> [Available records]
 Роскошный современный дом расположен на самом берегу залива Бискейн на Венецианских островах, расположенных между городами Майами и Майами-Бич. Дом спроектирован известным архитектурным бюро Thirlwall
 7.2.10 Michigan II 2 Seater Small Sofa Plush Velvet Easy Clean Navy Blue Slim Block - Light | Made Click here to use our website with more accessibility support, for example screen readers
...
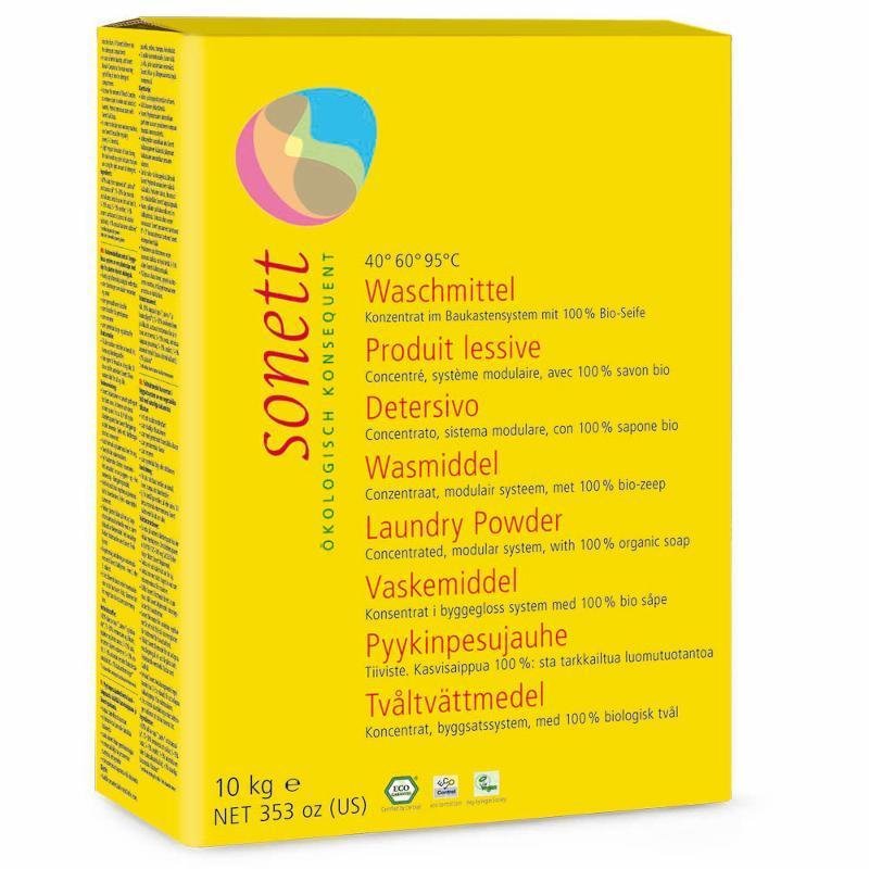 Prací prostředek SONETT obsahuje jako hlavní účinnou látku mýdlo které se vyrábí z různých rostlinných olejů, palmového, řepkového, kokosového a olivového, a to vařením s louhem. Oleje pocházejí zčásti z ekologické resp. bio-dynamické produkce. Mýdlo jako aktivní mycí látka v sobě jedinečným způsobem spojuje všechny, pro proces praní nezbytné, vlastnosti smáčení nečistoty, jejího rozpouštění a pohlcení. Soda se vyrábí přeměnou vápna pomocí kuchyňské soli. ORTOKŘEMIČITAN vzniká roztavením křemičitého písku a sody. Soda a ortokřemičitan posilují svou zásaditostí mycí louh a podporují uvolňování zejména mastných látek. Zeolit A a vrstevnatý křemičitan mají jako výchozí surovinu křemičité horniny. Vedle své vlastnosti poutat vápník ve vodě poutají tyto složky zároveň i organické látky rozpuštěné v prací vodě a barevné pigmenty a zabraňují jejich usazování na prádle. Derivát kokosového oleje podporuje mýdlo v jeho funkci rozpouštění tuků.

> [What to work on]
Everything starting at the line containing "Роскошный современный дом" and ending at the line containing "7.2.10 Michigan II" in the records above should be repeated exactly, and only that.

> [Answer to this task]
 Роскошный современный дом расположен на самом берегу залива Бискейн на Венецианских островах, расположенных между городами Майами и Майами-Бич. Дом спроектирован известным архитектурным бюро Thirlwall
 7.2.10 Michigan II 2 Seater Small Sofa Plush Velvet Easy Clean Navy Blue Slim Block - Light | Made Click here to use our website with more accessibility support, for example screen readers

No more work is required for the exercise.